■ **Data provided**:
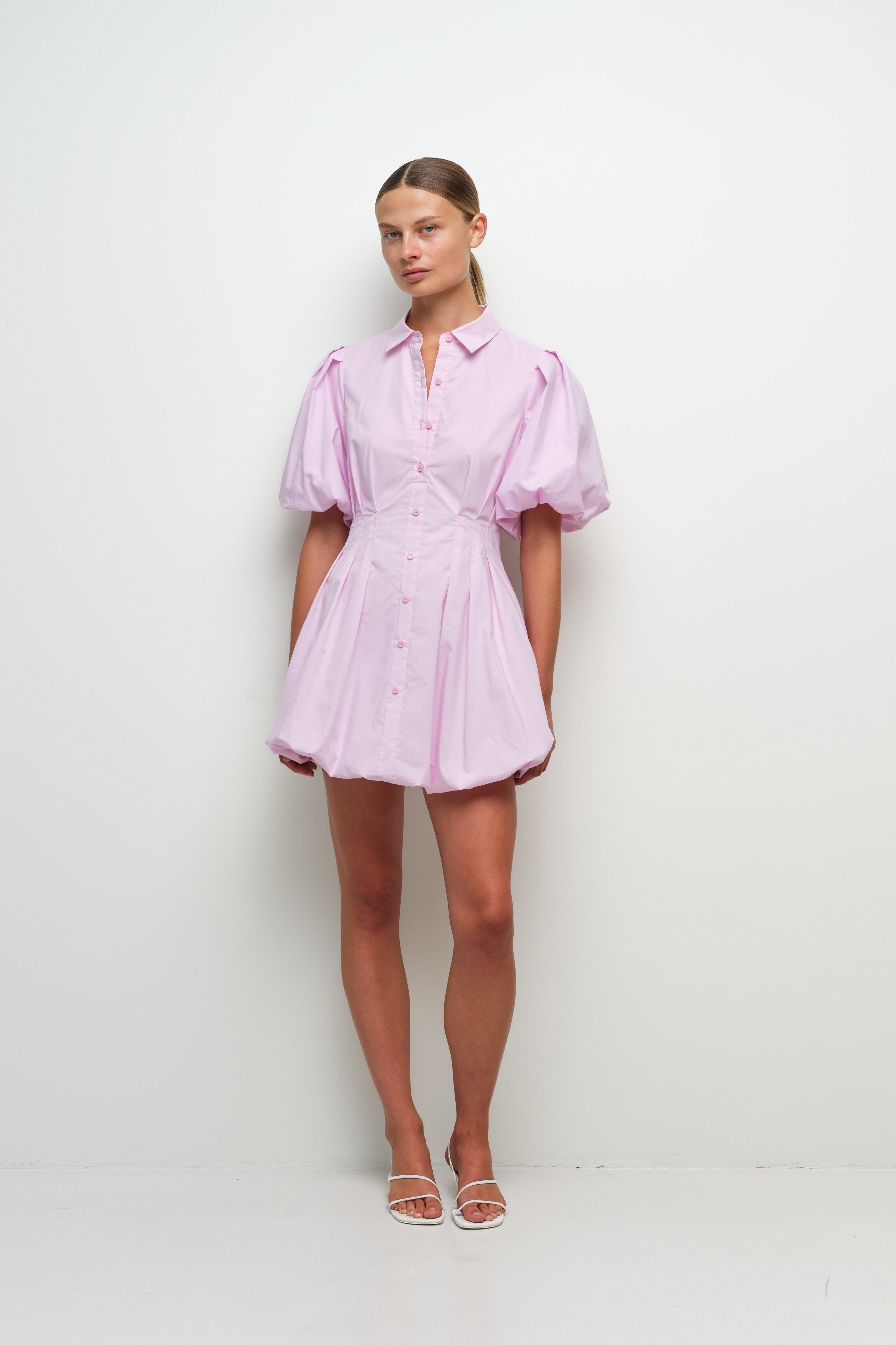 SIMKHAI - CLEO BALLOON PINTUCK MINI DRESS - Tulip
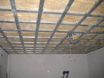 - Then along the perimeter a guide profile is attached. As a result, you get a "metal belt", which will be inserted into the main profile. It is fastened with screws to hangers that carry the load on the gypsum sheets. The ends of the profiles are inserted into the grooves of the guides. At the same time pay attention that the main profiles do not bend, check this level.
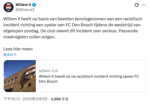 這場比賽于北京時間3月8日21:30開球,23:27左右完賽。賽后不到24小時,北京時間3月9日22:13,威廉二世俱樂部發(fā)布公告表示已通過視頻得知此次歧視事件,俱樂部高度重視并立即向鄧伯什以及王博豪致歉,現(xiàn)已鎖定歧視者并將采取相應(yīng)的措施。
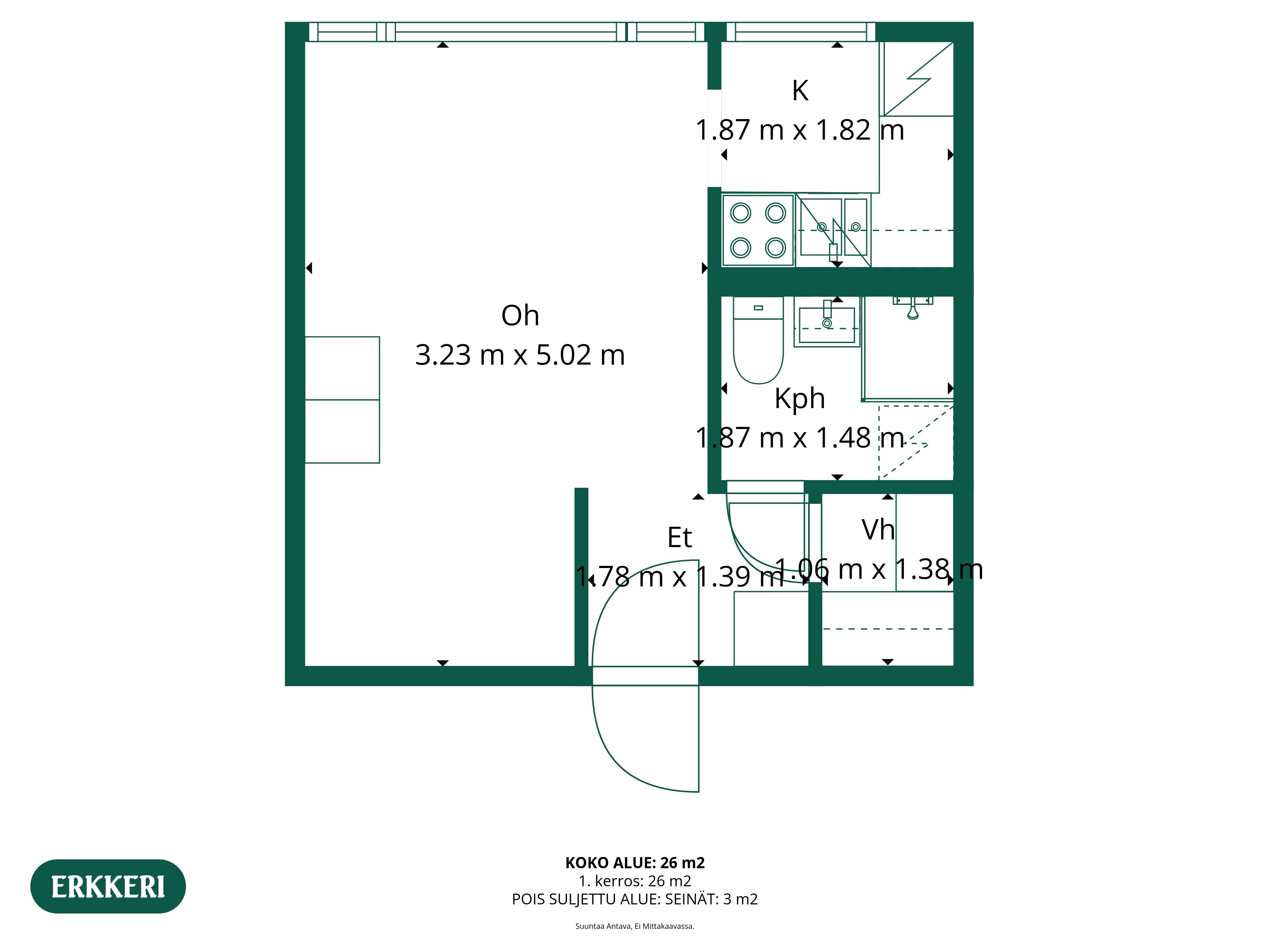 - Yhtiöjärjestyksen mukainen, Isännöitsijäntodistuksen mukainen, (Pinta-ala ei ole tarkistusmitattu ja todellinen pinta-ala voi olla suurempi tai pienempi, kuin ilmoitettu)

■ **Work to be completed**: Nothing but the lines from the one containing "- Then along" through the last line of the data should appear in the answer, copied exactly, with pictures excluded.

■ **Finished exercise**:
 - Then along the perimeter a guide profile is attached. As a result, you get a "metal belt", which will be inserted into the main profile. It is fastened with screws to hangers that carry the load on the gypsum sheets. The ends of the profiles are inserted into the grooves of the guides. At the same time pay attention that the main profiles do not bend, check this level.
 這場比賽于北京時間3月8日21:30開球,23:27左右完賽。賽后不到24小時,北京時間3月9日22:13,威廉二世俱樂部發(fā)布公告表示已通過視頻得知此次歧視事件,俱樂部高度重視并立即向鄧伯什以及王博豪致歉,現(xiàn)已鎖定歧視者并將采取相應(yīng)的措施。
 - Yhtiöjärjestyksen mukainen, Isännöitsijäntodistuksen mukainen, (Pinta-ala ei ole tarkistusmitattu ja todellinen pinta-ala voi olla suurempi tai pienempi, kuin ilmoitettu)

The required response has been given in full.